The Rudd government is acutely aware of the need to strike an appropriate balance between the cost of compliance for sponsors and the integrity of the temporary skilled migration program. As other speakers have detailed, we are spending $19 billion plus because of the critical skills shortage in this country created by inaction and lack of interest over a long period of time—and if anyone wants to argue that that is not the reality they really are kidding themselves. To this end, the Minister for Immigration and Citizenship has engaged the Skilled Migration Consultative Panel, on an ongoing basis, to provide advice on the content of the regulations, particularly the obligations. The government is confident that the broad based representation on the panel means it can strike the required balance. Furthermore, the minister has undertaken to provide a draft of the regulations to the panel and the major parties for consideration early next year.

Finally, I want to make it clear that the government does not anticipate that the sponsor obligations will involve any significant additional costs for business. It would not be in anyone’s interests for that to be the case. In fact, the recent visa integrity review conducted by industrial relations expert Ms Barbara Deegan is clear on the need to minimise upfront and prospective costs associated with subclass 457 visa holders to aid mobility and decrease the potential for exploitation.

I note that earlier in the debate there was a brief reference to inaction by the minister. Let us look at the reality. We have seen major changes to detention policy in this country. We have witnessed a citizenship review which sought to go back to this country’s previous policy of bringing people in, being inclusive and not segregating people, not alienating people, not keeping people out of the system. We have seen a minimum salary level come into this particular sector of policy. We have witnessed a visit to Indonesia by the minister to speak to authorities over there about the issue of illegal migrants, and I had the opportunity recently with the minister to meet the relevant Indonesian minister while he was here for the intergovernmental discussions. We have had Barbara Deegan carry out these reviews. And, of course, as early as 17 February last, we made moves to try to tackle this question of skilled migration and exploitation. So for references to be made to inaction really is, I think, the pot calling the kettle black, given that we have had to overcome so many problems in this area, as illustrated by this legislation.

I also note that my experience is similar to that of the member for Makin with regard to people constantly coming to her about industrial relations exploitation. I had Liberal aldermen in my area this morning coming to me for help basically to overcome the exploitation of workers—and I went of course to the LHMU to get some advice on those matters.

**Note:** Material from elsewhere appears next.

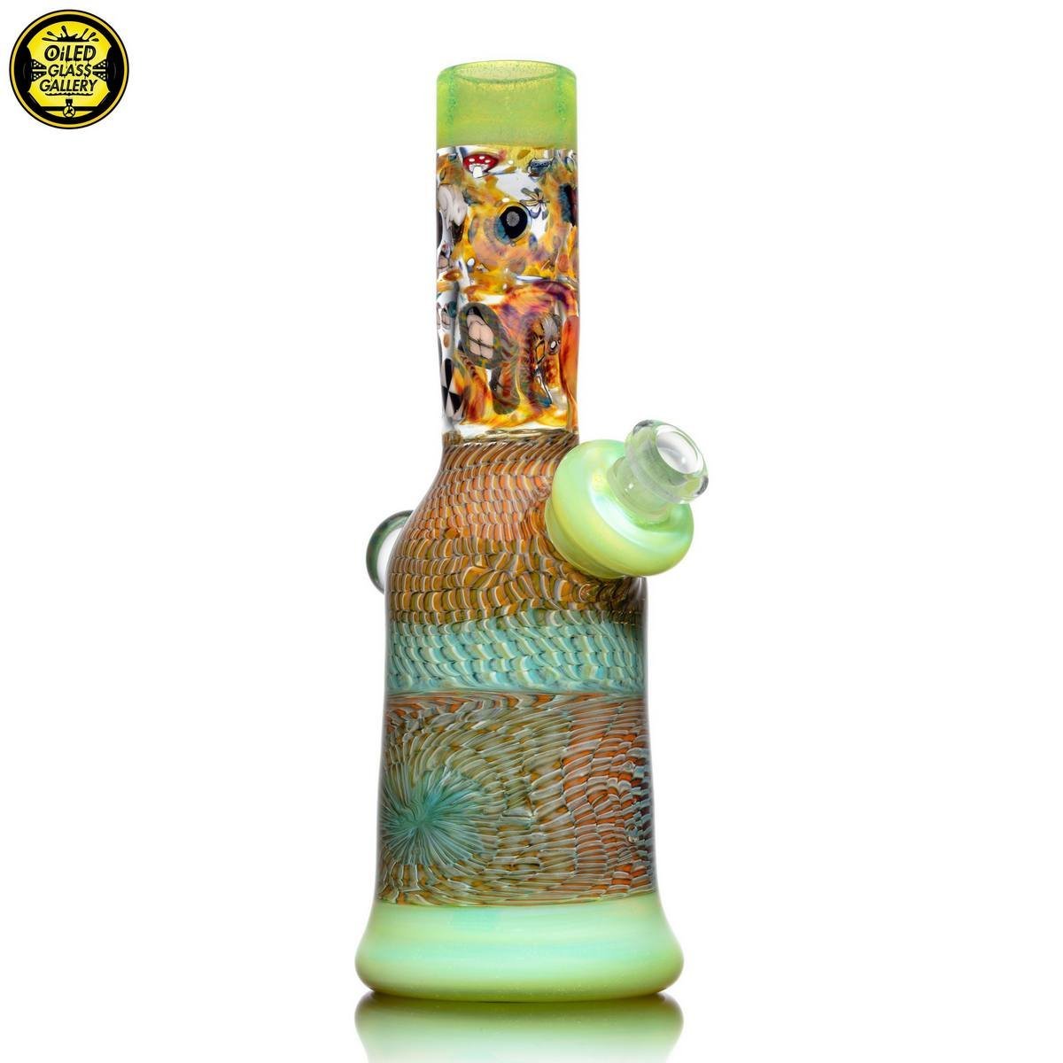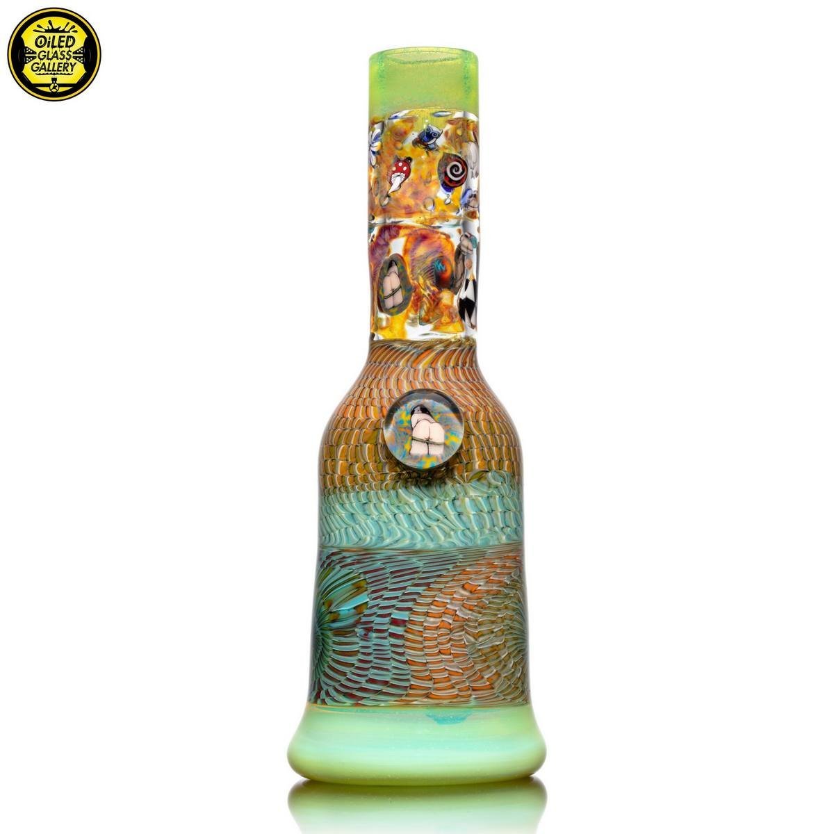 2021 10mm 7.75in Millefiori Lady Bug Can Tube set made with latticino coilpot, Trautman Art Glass Slyme and millefiori sections featuring a 2-hole removable downstem, all shipped in an Apache hard case.

So I do very much commend this bill to the House. It is dealing with realities that have to be overcome. It is unfortunate that things have reached this stage: it is unfortunate that we witness, daily, exploitation by people and that we have had a system where visa cancellation was the only option in some cases, which did not really solve the problem. So I do very strongly commend this legislation.

Question agreed to.

Bill read a second time.

Ordered that the bill be reported to the House without amendment.